**MATERIAL PROVIDED**.
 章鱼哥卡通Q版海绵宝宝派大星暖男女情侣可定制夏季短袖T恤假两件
--
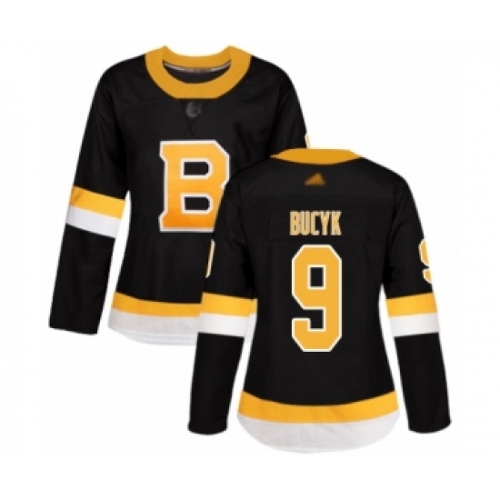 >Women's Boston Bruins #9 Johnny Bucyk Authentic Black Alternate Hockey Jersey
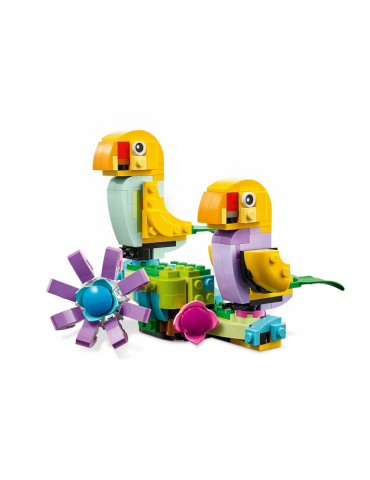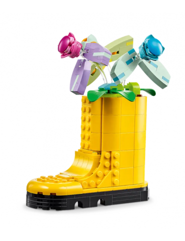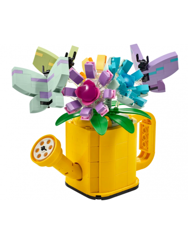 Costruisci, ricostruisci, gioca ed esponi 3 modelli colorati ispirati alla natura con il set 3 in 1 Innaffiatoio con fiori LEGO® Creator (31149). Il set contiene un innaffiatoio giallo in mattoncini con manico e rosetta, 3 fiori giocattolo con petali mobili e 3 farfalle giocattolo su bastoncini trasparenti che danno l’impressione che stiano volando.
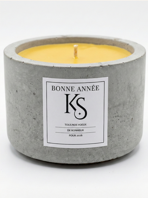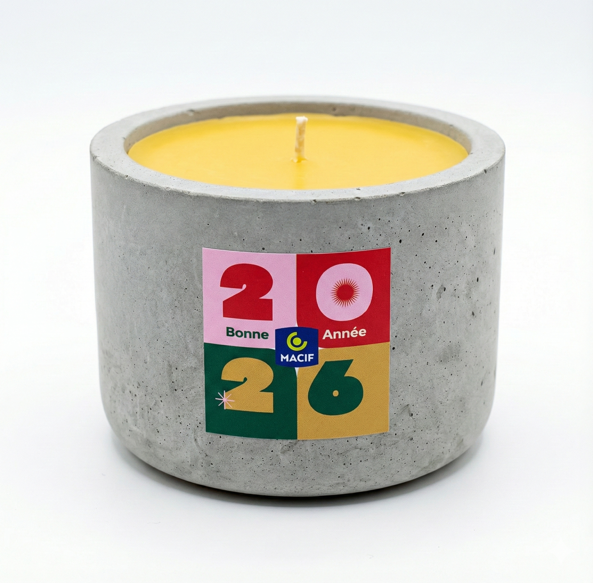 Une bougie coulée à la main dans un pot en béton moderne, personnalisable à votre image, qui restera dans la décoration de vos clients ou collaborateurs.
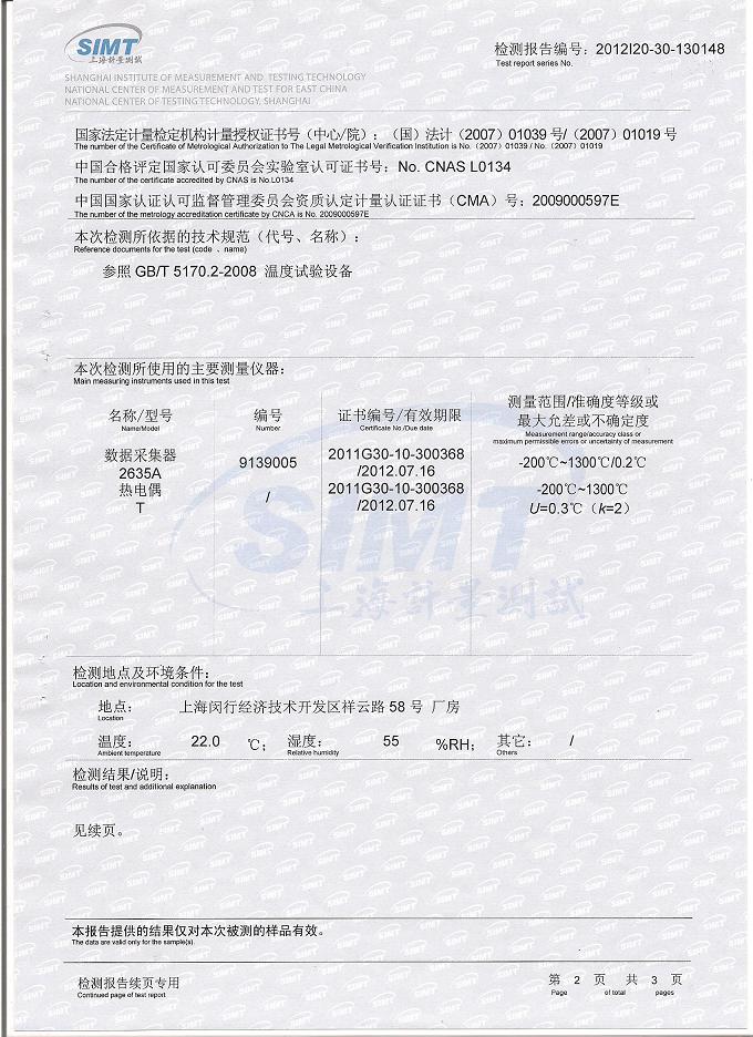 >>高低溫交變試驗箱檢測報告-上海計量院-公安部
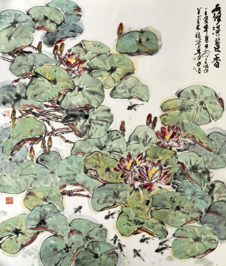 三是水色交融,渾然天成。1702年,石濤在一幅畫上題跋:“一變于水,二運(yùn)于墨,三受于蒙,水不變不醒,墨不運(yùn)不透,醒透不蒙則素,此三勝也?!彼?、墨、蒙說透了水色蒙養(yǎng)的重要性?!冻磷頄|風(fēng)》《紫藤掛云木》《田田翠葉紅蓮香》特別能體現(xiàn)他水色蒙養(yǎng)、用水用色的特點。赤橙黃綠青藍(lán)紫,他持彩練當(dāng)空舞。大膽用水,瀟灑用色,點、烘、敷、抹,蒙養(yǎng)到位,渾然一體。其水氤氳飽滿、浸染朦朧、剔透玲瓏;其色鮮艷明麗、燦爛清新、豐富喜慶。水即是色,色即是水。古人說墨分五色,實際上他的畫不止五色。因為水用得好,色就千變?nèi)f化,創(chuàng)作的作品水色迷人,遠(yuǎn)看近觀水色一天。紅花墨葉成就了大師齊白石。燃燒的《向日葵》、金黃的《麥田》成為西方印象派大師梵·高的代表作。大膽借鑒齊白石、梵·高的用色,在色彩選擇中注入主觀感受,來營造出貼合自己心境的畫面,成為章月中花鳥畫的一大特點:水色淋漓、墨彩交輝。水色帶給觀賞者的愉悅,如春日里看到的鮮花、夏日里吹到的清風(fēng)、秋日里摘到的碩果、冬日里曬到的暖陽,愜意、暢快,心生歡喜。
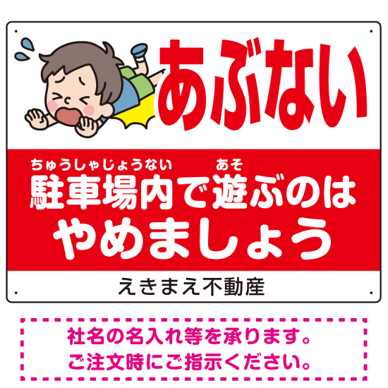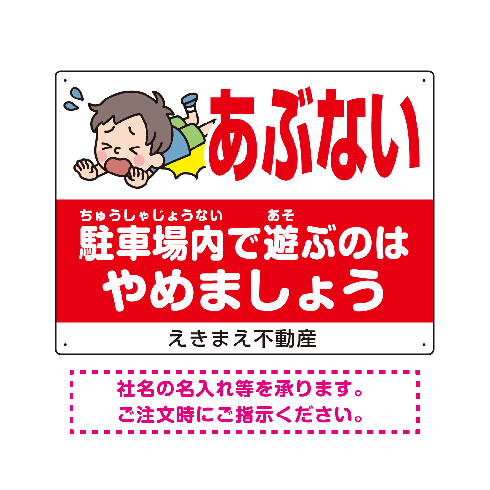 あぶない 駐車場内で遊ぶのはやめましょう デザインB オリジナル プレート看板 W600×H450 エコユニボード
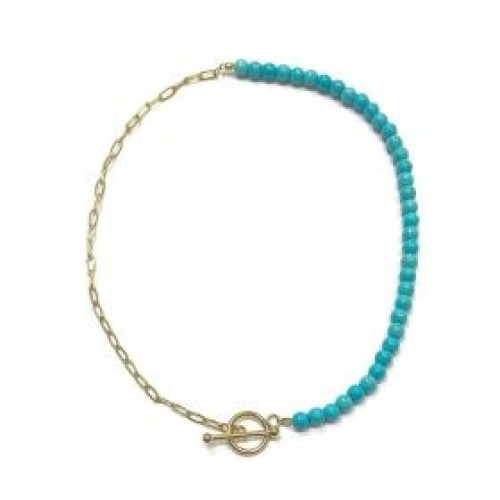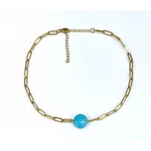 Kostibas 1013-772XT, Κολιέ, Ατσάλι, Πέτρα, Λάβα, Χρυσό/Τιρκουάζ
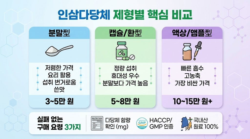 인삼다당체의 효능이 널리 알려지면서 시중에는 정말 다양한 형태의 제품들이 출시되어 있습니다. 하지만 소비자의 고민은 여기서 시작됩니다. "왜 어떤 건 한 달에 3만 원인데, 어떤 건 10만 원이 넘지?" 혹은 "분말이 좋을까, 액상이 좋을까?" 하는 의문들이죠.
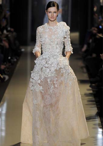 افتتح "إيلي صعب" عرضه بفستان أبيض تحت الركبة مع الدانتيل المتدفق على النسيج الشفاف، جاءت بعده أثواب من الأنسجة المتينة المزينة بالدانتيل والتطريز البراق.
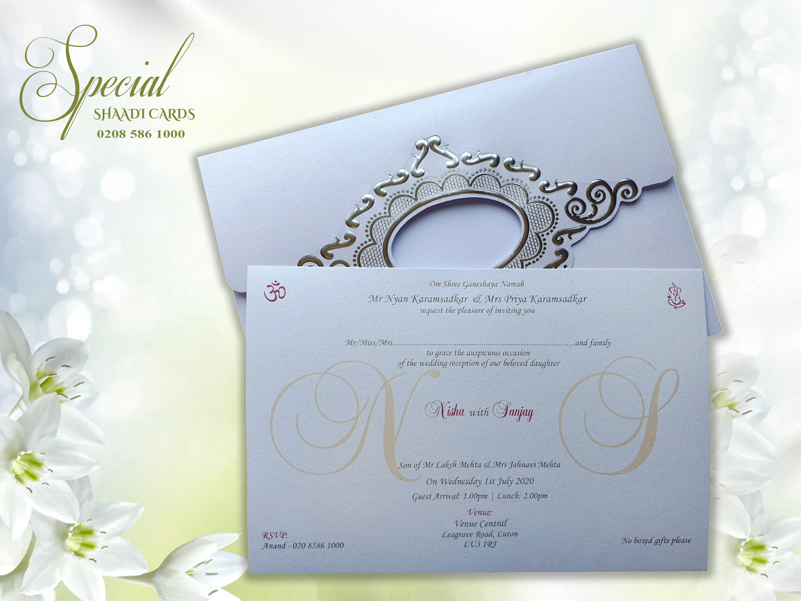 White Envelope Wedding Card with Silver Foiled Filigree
* * *
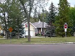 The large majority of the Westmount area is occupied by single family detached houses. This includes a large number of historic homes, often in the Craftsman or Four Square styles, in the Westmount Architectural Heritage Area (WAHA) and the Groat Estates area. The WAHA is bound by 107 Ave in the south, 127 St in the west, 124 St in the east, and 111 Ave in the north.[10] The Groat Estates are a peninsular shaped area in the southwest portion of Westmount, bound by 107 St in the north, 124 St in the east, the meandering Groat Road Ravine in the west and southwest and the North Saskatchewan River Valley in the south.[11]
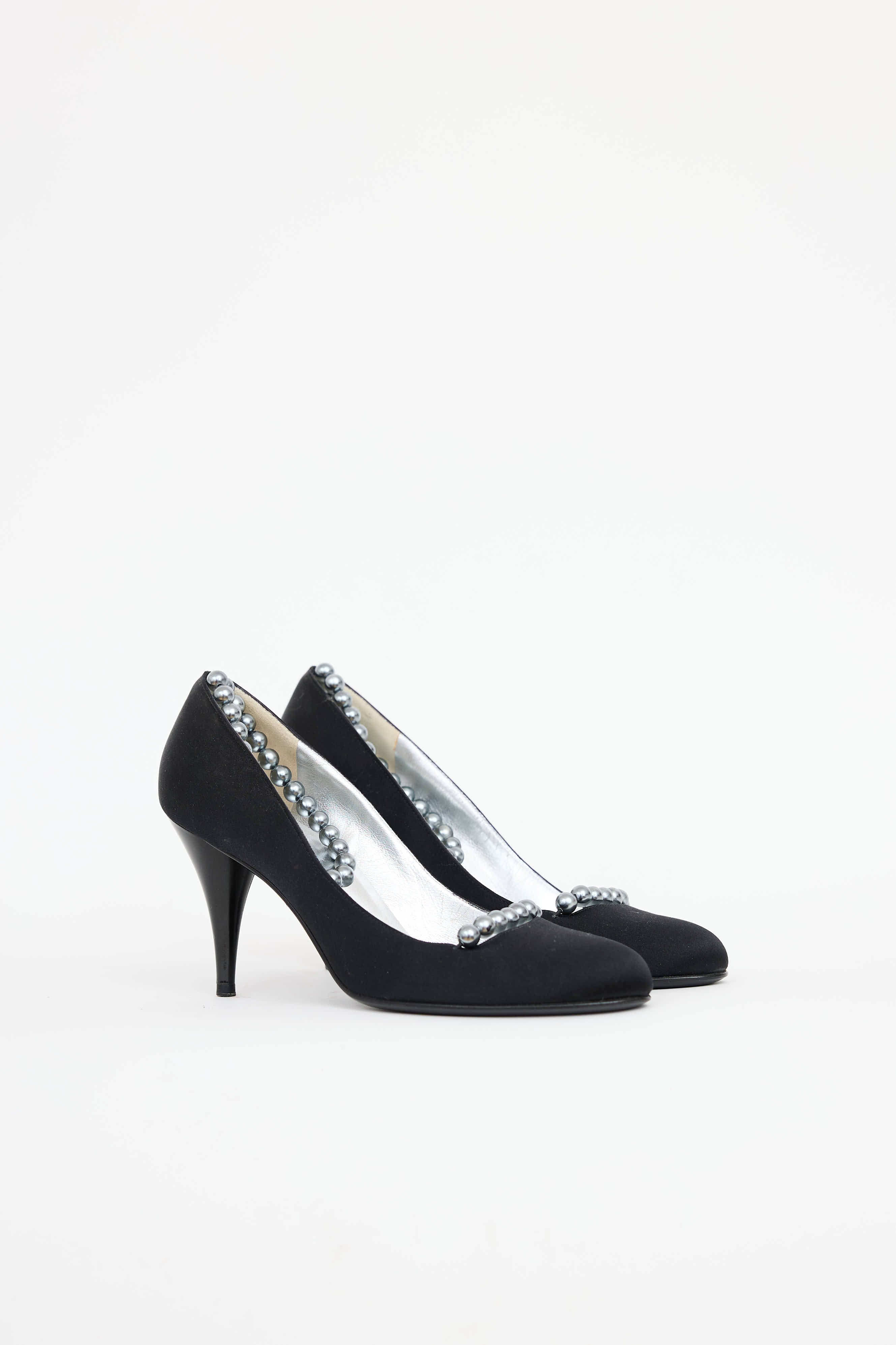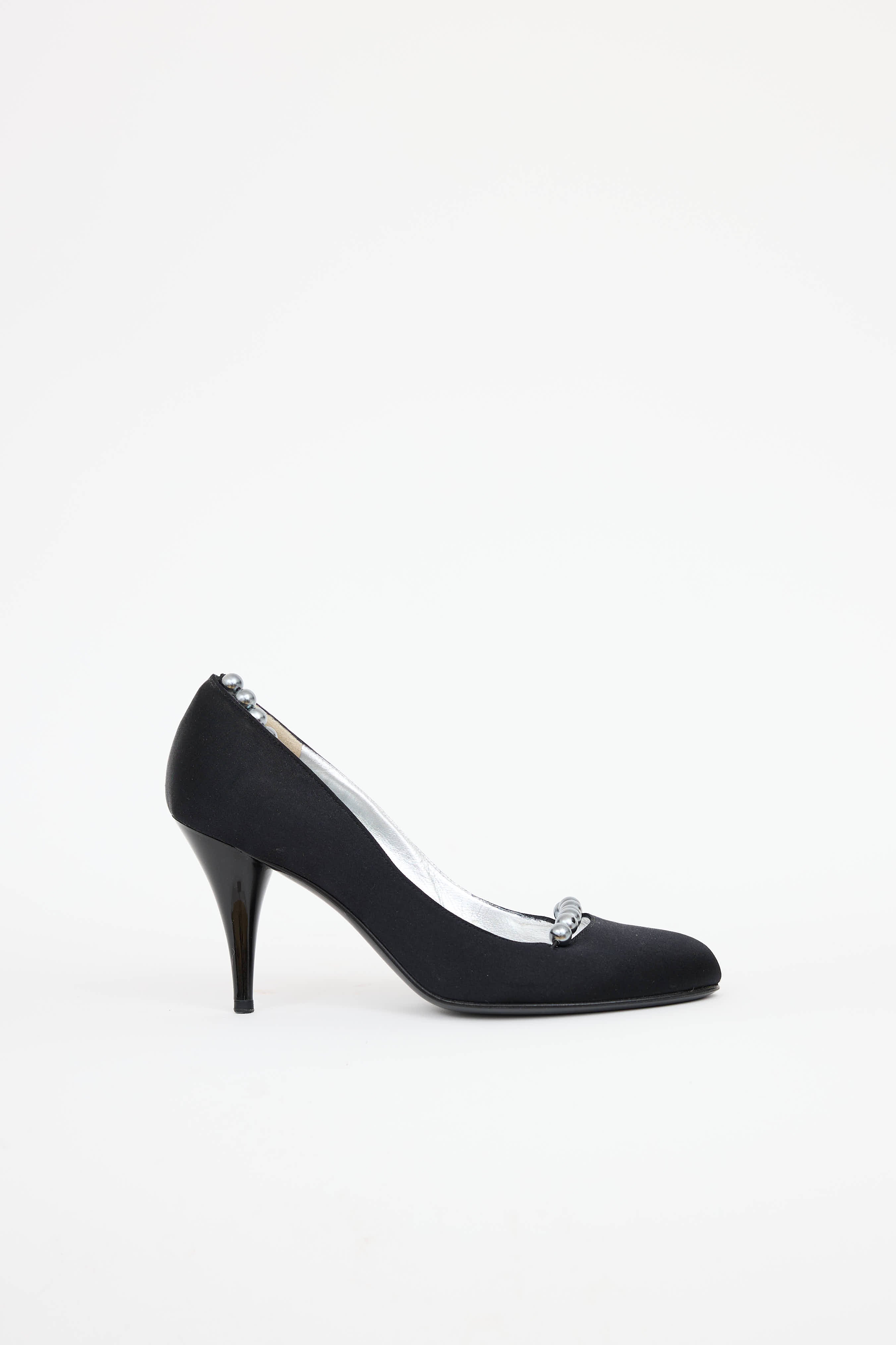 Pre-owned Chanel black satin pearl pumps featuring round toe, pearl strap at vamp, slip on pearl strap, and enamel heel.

**ABOUT THIS EXERCISE**.
Give again the stretch of lines above from the one with "Costruisci, ricostruisci, gioca" through the one with "Kostibas 1013-772XT, Κολιέ, Ατσάλι, Πέτρα, Λάβα, Χρυσό/Τιρκουάζ", both ends kept, and copy no pictures.

**RESPONSE BELOW**.
 Costruisci, ricostruisci, gioca ed esponi 3 modelli colorati ispirati alla natura con il set 3 in 1 Innaffiatoio con fiori LEGO® Creator (31149). Il set contiene un innaffiatoio giallo in mattoncini con manico e rosetta, 3 fiori giocattolo con petali mobili e 3 farfalle giocattolo su bastoncini trasparenti che danno l’impressione che stiano volando.
 Une bougie coulée à la main dans un pot en béton moderne, personnalisable à votre image, qui restera dans la décoration de vos clients ou collaborateurs.
 >>高低溫交變試驗箱檢測報告-上海計量院-公安部
 三是水色交融,渾然天成。1702年,石濤在一幅畫上題跋:“一變于水,二運(yùn)于墨,三受于蒙,水不變不醒,墨不運(yùn)不透,醒透不蒙則素,此三勝也?!彼?、墨、蒙說透了水色蒙養(yǎng)的重要性?!冻磷頄|風(fēng)》《紫藤掛云木》《田田翠葉紅蓮香》特別能體現(xiàn)他水色蒙養(yǎng)、用水用色的特點。赤橙黃綠青藍(lán)紫,他持彩練當(dāng)空舞。大膽用水,瀟灑用色,點、烘、敷、抹,蒙養(yǎng)到位,渾然一體。其水氤氳飽滿、浸染朦朧、剔透玲瓏;其色鮮艷明麗、燦爛清新、豐富喜慶。水即是色,色即是水。古人說墨分五色,實際上他的畫不止五色。因為水用得好,色就千變?nèi)f化,創(chuàng)作的作品水色迷人,遠(yuǎn)看近觀水色一天。紅花墨葉成就了大師齊白石。燃燒的《向日葵》、金黃的《麥田》成為西方印象派大師梵·高的代表作。大膽借鑒齊白石、梵·高的用色,在色彩選擇中注入主觀感受,來營造出貼合自己心境的畫面,成為章月中花鳥畫的一大特點:水色淋漓、墨彩交輝。水色帶給觀賞者的愉悅,如春日里看到的鮮花、夏日里吹到的清風(fēng)、秋日里摘到的碩果、冬日里曬到的暖陽,愜意、暢快,心生歡喜。
 あぶない 駐車場内で遊ぶのはやめましょう デザインB オリジナル プレート看板 W600×H450 エコユニボード
 Kostibas 1013-772XT, Κολιέ, Ατσάλι, Πέτρα, Λάβα, Χρυσό/Τιρκουάζ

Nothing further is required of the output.